Before the shooting, a posting on the message-board site 4chan included a photo of a crudely drawn frog used regularly in Internet memes with a gun and warned other users not to go to school Thursday in the Northwest. The messages that followed spoke of mass shootings, with some egging on and even offering tips to the original poster. It’s unclear if the messages are tied to the shooting because of the largely anonymous nature of the site.
The community along Interstate 5 west of the Cascade Mountains is in an area where the timber industry has struggled. In recent years, officials have tried to promote the region as a tourist destination for vineyards and outdoor activities.

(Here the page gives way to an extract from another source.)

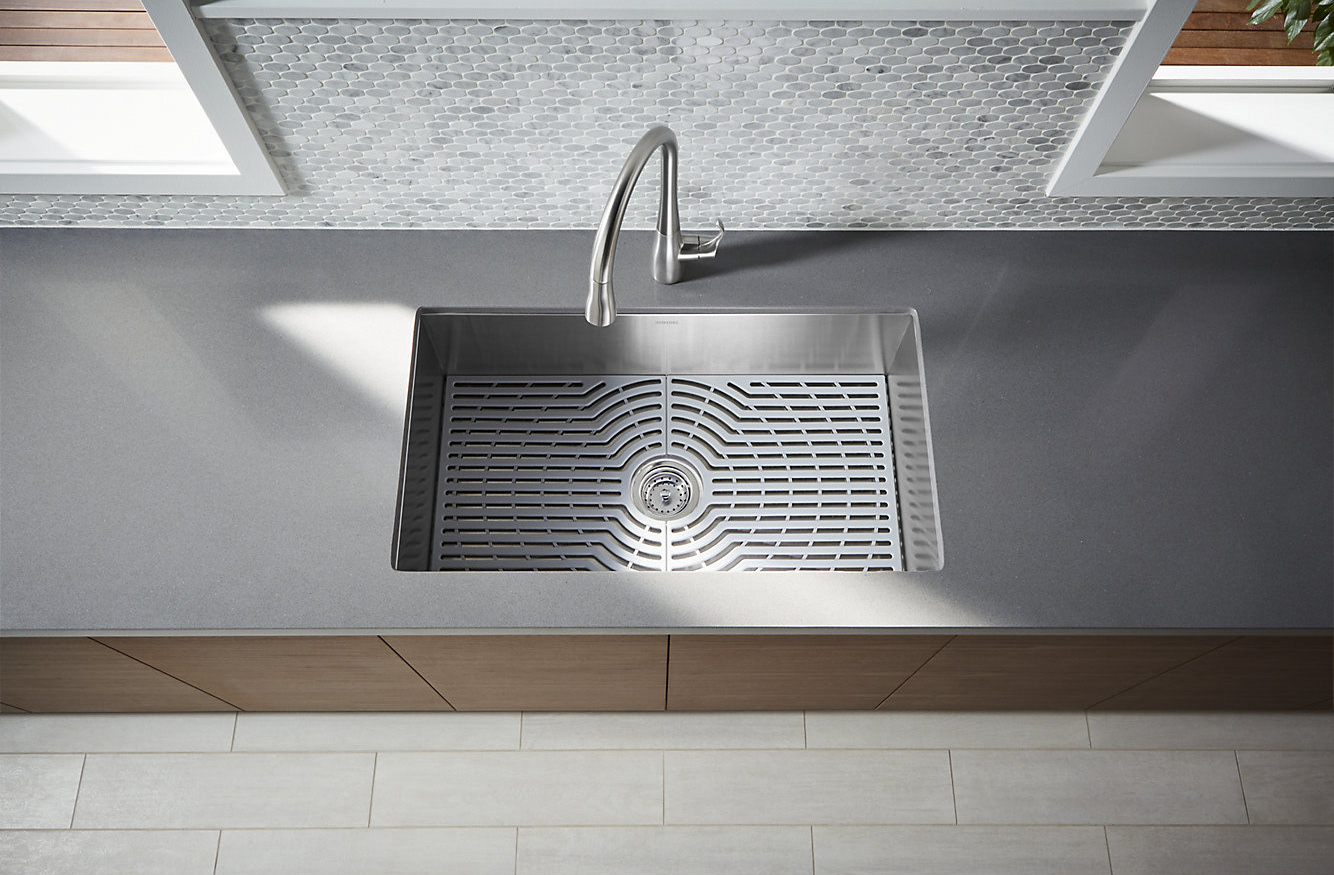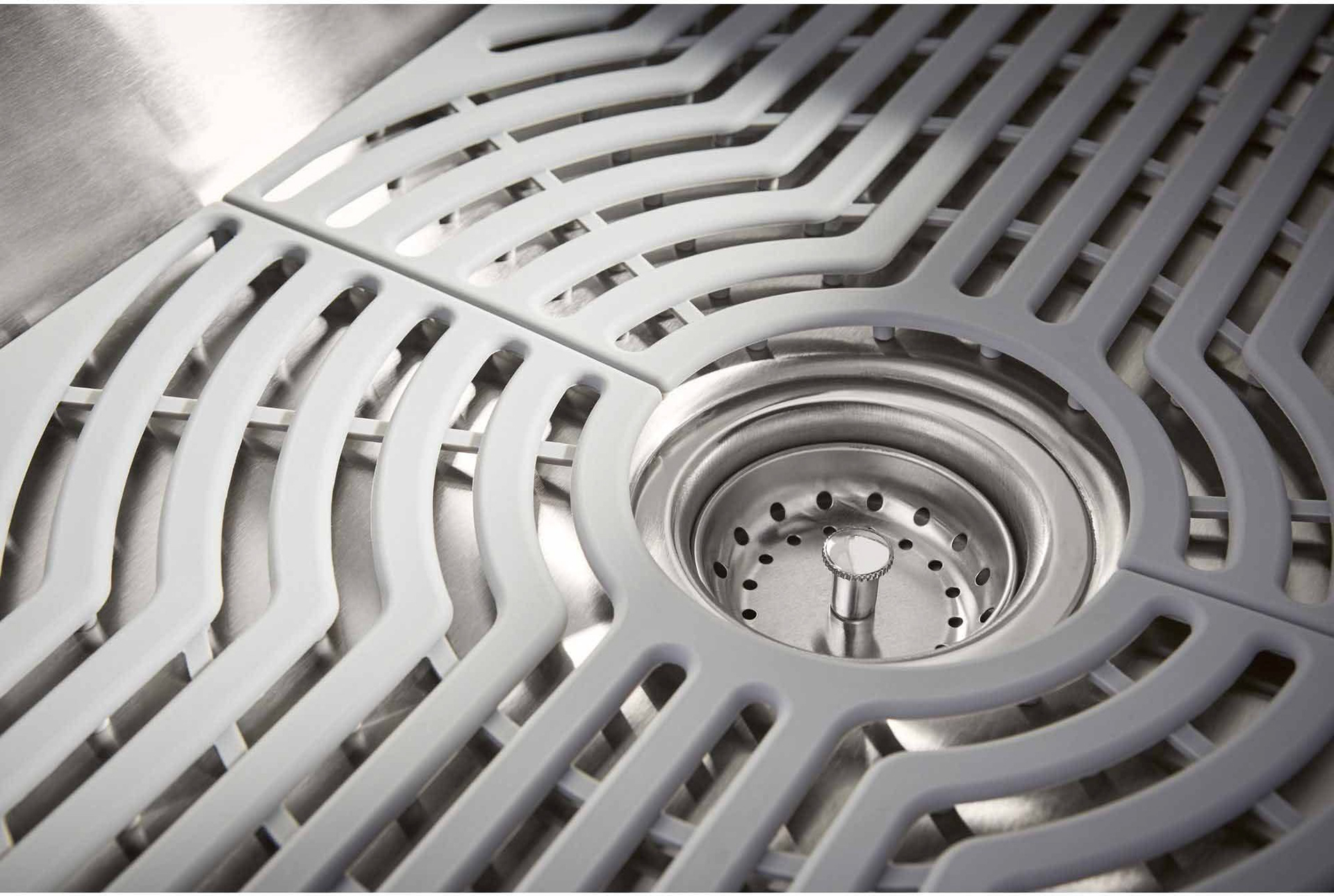 A thoughtful design process went into the pattern development for the silicone mats as the final design had to be one that was accommodating and slightly forgiving when adjusting it to fit across the span of 4 sink configurations with various bowl widths + depths.

Many of the students in local school district go on to attend the college of 3,000 students.
“We are a small, tight community, and there is no doubt that we will have staff and students that have family and friends impacted by this event,” Roseburg Public Schools Superintendent Gerry Washburn said.
Former UCC President Joe Olson, who retired in June after four years, said the school had no formal security staff, just one officer on a shift.
One of the biggest debates on campus last year was whether to post armed security officers on campus to respond to a shooting.
“I suspect this is going to start a discussion across the country about how community colleges prepare themselves for events like this,” he said.
There were no immediate plans to upgrade security on the campus in light of the shooting, Cavin said.